W. Scott Thompson writing in The New Straits Times, suggests the President is a Marcos in the making -and this, from opinions he’s gathered from people close to her:
In a discussion last week, he recalled my column in 2001, noting that Arroyo had a full decade of power at her disposal (no sitting president is going to fail to win re-election!), a name and fortune already achieved, and could devote herself to her place in history by transforming her country. Instead she chose the time-honoured path of “trapos” (traditional politician) politics, rather than reform. It is felt in every quarter.
My source went on to say that she might leave the country with a worse legacy than Marcos…
“The problem with Arroyo is that she is simply eroding all the achievements of the past, she is tearing away at what has been accomplished. Her husband has institutionalised greed to a new standard.
“With Marcos,” he went on, “you knew something had to give. The country had to change. We had a revolution. She is going to wear the country down, grind it down to a sick performer, saved from bankruptcy by the success of the neighbourhood.”
Ducky Paredes comments on PAL’s first flight -and how the Secretary of Justice helped a fellow official evade arrest.
Jojo Robles reminds us of something I’ve also written about: a huge land case in Caloocan than has become a litmus test on the validity of the Torrens titling system.

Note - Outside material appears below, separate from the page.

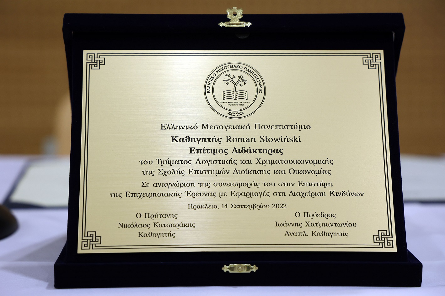 14 września w auli Greckiego Uniwersytetu Śródziemnomorskiego w Heraklionie na Krecie miała miejsce ceremonia nadania profesorowi Romanowi Słowińskiemu godności doktora honoris causa Katedry Rachunkowości i Finansów Wydziału Zarządzania i Nauk Ekonomicznych w uznaniu zasług w dziedzinie badań operacyjnych nad inteligentnym wspomaganiem decyzji.

Bong Austero is left breathless by Mirant.
In Thailand: reconciliation or further division? This is the question before the opposition.
In the blogosphere, here’s a blog with political commentary with a twist: Kung Fu Shoes Says.
Philippine Commentary attended the One Voice meeting last Saturday. More from Toots Ople.
(Link to front page image: Kottke.org.)
Achieving Happiness says allegations concerning the evaporation of funds at the Overseas Worker Welfare Administration is not new.
Design Observer has top ten things never taught in design school -which can apply to life and work in general, too.